BRIEF: Leave the pictures out and write out the rest of the listing word for word.

COLLECTED DATA:
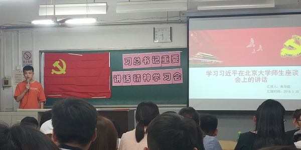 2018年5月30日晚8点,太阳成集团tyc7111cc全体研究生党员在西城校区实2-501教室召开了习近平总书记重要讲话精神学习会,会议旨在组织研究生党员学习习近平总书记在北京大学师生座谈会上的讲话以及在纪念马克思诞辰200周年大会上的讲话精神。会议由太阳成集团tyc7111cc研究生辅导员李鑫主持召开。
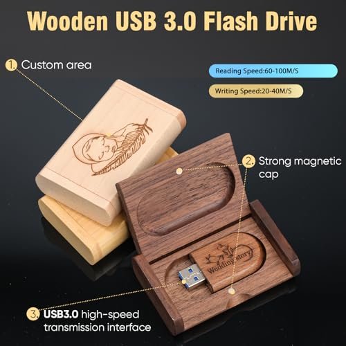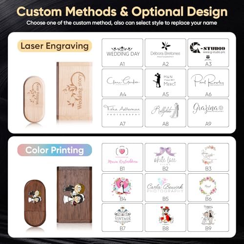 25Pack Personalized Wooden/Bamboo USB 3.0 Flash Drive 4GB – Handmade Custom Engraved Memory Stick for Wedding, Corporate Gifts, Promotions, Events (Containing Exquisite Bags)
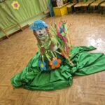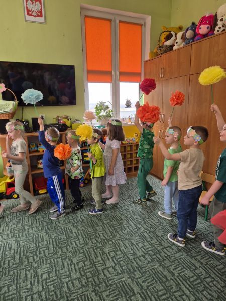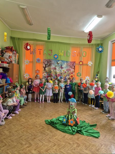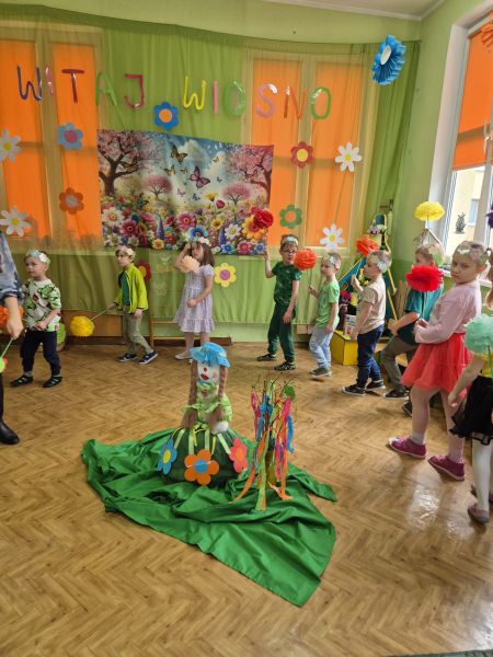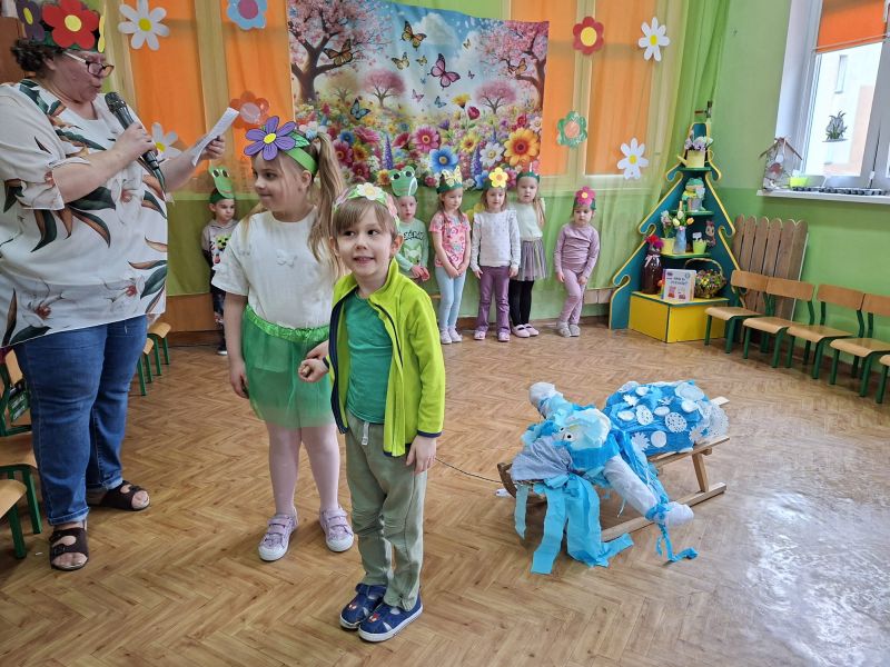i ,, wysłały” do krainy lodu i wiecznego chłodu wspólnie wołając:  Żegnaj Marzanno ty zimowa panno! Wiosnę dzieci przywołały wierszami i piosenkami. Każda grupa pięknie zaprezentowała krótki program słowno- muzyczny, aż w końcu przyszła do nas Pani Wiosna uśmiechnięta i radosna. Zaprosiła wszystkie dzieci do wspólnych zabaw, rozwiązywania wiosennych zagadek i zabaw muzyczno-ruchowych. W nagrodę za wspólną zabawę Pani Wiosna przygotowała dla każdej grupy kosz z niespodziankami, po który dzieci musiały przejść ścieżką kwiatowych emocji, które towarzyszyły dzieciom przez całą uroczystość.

EXERCISE SOLUTION:
 2018年5月30日晚8点,太阳成集团tyc7111cc全体研究生党员在西城校区实2-501教室召开了习近平总书记重要讲话精神学习会,会议旨在组织研究生党员学习习近平总书记在北京大学师生座谈会上的讲话以及在纪念马克思诞辰200周年大会上的讲话精神。会议由太阳成集团tyc7111cc研究生辅导员李鑫主持召开。
 25Pack Personalized Wooden/Bamboo USB 3.0 Flash Drive 4GB – Handmade Custom Engraved Memory Stick for Wedding, Corporate Gifts, Promotions, Events (Containing Exquisite Bags)
i ,, wysłały” do krainy lodu i wiecznego chłodu wspólnie wołając:  Żegnaj Marzanno ty zimowa panno! Wiosnę dzieci przywołały wierszami i piosenkami. Każda grupa pięknie zaprezentowała krótki program słowno- muzyczny, aż w końcu przyszła do nas Pani Wiosna uśmiechnięta i radosna. Zaprosiła wszystkie dzieci do wspólnych zabaw, rozwiązywania wiosennych zagadek i zabaw muzyczno-ruchowych. W nagrodę za wspólną zabawę Pani Wiosna przygotowała dla każdej grupy kosz z niespodziankami, po który dzieci musiały przejść ścieżką kwiatowych emocji, które towarzyszyły dzieciom przez całą uroczystość.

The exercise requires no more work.